I don’t think everyone is meant for space travel, supposedly it’s going to become a regular thing but, that seems like something really unsafe?
But yeah I think less people will be willing to go than we think.
At first it’s going to be too expensive anyway but, as time goes on it will become normal and affordable- if it doesn’t get shut down from the sheer number of “accidents”
I mean yeah we send up satellites all the time and shit like that, but every launch we bite our nails, and the launches constantly get scrubbed with the slightest sight of a fucking cloud or a tiny bit of wind because it’s *that* delicate and uncertain. 1 mph above the acceptable rate and the thing could crash and burn.
But that’s not even where things go wrong most commonly- apparently the most common issue that NASA employees bite their nails over watching a launch, isn’t getting off the ground past some clouds but, it’s passing through a certain point in the atmosphere, where the engines drop and then switch into a different gear and start trudging a bit sideways, if you notice a certain point where the launch goes from “straight up” and starts going diagonal, and the white puffy cloud stops forming. That’s because they’ve dropped a whole chunk of the ship off and gone into full fucking g-force.
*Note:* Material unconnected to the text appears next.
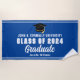 Cette serviette de plage moderne bleu et blanc personnalisé senior graduation party propose une typographie classe et votre nom de collège pour la classe de 2024 et des lettres Varsity blanches. Customisez avec votre nom de diplômé sous l'écriture chic manuscrite et le casquette noir pour un grand cadeau de souvenir.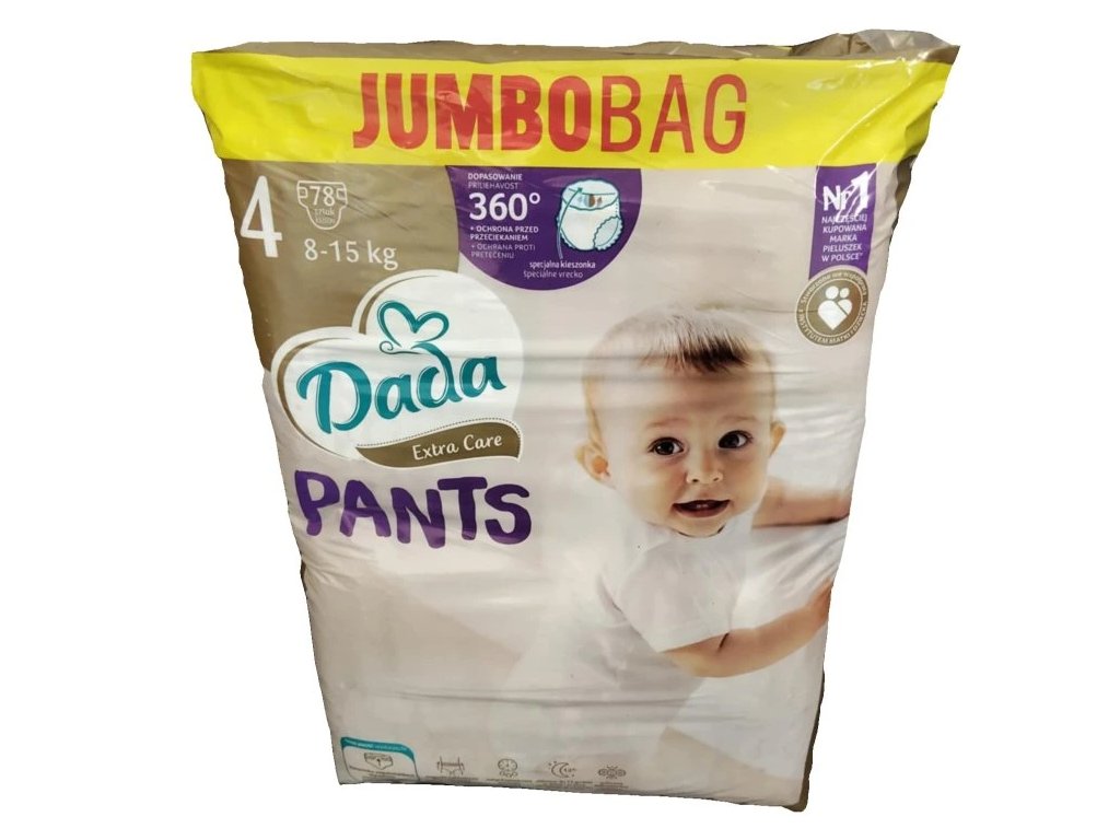 Dětské jednorázové pleny Dada PANTS Extra Care 4 Jumbobag jsou pro děti od 8 kg do 15 kg. Balení obsahuje 78ks.

Apparently that transition is the most risky and that’s where things tend to literally blow up. Unfortunately we witnessed it on national TV, live. Once.
If it happened once, it can happen again. And if you study stuff about the ships, you realize there isn’t as many fail safes as you would think. Like once the ship is fucked, it’s pretty damn fucked. There is only a tiny layer between you and deep space, and that shell alone being so thin, terrifies me. No matter what material it’s made of.
And then you have mechanical errors, which astronauts are trained to handle but- things do go wrong and they have to fix that shit mid-space travel.
And not to mention trajectory. If you get off course because of an issue- you could end up missing your window of opportunity to your entrance point to wherever your destination is- which is a very narrow window, and a very difficult and rocky landing. And when it comes to returning to earth, there is an even more narrow window than the trajectory to your space destination, and they completely expect the landing to go south which is why all landing pads are placed in areas surrounded by open water and zero civilization, and the area during landings is restricted within a certain radius. Because that shit could literally crash and burn into the ground.
Imagine throwing a dart into the the key hole of your front door, from your bedroom. And that’s what it’s like trying to land a space ship on a landing pad properly on earth.
LOL it’s very, very narrow.
There is no way in hell I’m getting on a space ship unless it’s life or death.